Kind of. Valve started actively porting their stuff in 2013, around the time Microsoft released Windows 8 and rumors started flying around that you'll only be able to use Windows Store to download apps.
So, way over 5 years. But time flies by fast.
The Bottles Flatpak uses the Wine flatpak as its base, which means it should be relatively soon up to date with the latest wine version
https://flathub.org/apps/org.winehq.Wine
I dunno ablut easily. If you just have some random exe installer Bottles is not super helpful. Probably easier if your software is in the Bottles catalogue.
It has a literal "run executable" button. How much easier so you think it could get?
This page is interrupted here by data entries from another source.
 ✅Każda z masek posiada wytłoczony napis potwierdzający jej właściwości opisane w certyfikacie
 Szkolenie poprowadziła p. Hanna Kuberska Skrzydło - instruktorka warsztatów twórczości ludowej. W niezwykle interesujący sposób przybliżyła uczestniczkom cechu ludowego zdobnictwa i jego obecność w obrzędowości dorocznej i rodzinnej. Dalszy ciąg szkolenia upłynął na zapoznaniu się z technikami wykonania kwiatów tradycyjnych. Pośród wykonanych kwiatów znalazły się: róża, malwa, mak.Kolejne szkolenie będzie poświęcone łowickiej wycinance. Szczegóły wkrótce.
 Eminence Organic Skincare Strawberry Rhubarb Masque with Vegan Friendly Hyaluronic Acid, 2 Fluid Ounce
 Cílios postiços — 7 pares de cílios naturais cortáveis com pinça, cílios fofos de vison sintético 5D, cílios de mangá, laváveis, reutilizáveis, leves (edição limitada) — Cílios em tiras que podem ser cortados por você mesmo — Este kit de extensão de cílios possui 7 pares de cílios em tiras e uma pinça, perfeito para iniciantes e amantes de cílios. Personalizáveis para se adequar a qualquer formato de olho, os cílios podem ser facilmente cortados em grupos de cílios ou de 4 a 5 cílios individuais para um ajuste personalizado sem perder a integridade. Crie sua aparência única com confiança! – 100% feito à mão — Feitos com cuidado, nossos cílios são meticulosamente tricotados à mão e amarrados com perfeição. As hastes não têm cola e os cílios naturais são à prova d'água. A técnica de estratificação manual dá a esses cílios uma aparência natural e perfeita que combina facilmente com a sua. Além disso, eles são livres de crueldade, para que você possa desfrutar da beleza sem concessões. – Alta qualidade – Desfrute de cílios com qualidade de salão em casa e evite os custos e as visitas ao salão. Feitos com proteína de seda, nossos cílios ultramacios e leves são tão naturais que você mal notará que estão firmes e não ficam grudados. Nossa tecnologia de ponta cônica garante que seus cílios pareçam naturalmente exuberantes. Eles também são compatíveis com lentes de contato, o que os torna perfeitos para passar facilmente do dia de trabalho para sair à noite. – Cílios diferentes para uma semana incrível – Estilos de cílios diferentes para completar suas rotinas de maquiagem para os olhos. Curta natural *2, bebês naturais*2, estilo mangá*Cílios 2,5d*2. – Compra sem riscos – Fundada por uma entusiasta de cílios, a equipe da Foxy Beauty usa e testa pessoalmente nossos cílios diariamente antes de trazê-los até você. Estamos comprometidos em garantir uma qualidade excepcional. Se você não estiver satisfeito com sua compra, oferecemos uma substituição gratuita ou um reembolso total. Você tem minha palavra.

is there somewhere a more technical description? I want to know about the technology stack before I install software which uses up several 100 MB
> Run Windows in a Bottle. Easily run Windows software on Linux with Bottles!
What does it even mean?
Is it somehow related to Gnome Boxes?
It's a pun on Wine, the syscall translation layer that lets you run Windows programs on Linux without hardware virtualization.
A working Wine configuration includes a directory that functions as a virtual C;\ drive, has a registry, and various other settings. You can actually have multiple of these if you specify which one to use at launch time through the environment variable WINEPREFIX, which points to a directory containing the relevant config files and other data directories.
A "bottle" is a user-friendly way of interacting with this functionality, managing these prefixes and their settings, and recommending known compatibility fixes for them. It may also involve managing multiple Wine versions, perhaps including some with patches.
It seems comparable to a lot of older tools in the same vein like CrossOver Linux (by Codeweavers, who maintain Wine), PlayOnLinux, Lutris (gaming-focused), and Cedega (gaming-focused and defunct).
Thanks, your reply should be copy-pasted and put on that website.
They're using terminology like "Windows prefix", which in reality appears to be a Wine prefix.
It's not related to Gnome Boxes. It is an application that makes using Wine easier and more robust. The statement means to say that it allows you to run Windows applications inside an isolated environment (a "bottle").
Zoltan has you beat. Fresh install if Zoltan runs directx installer ( dxdiag runs perfectly ) and so does Dungeon Siege - Legends of Aranna. Perfectly. Better than windows 10. It's not listed on Bottles, so I will check back in 6 months.
For what it's worth in a fit of nostalgia I found that dungeon siege runs well under bare wine.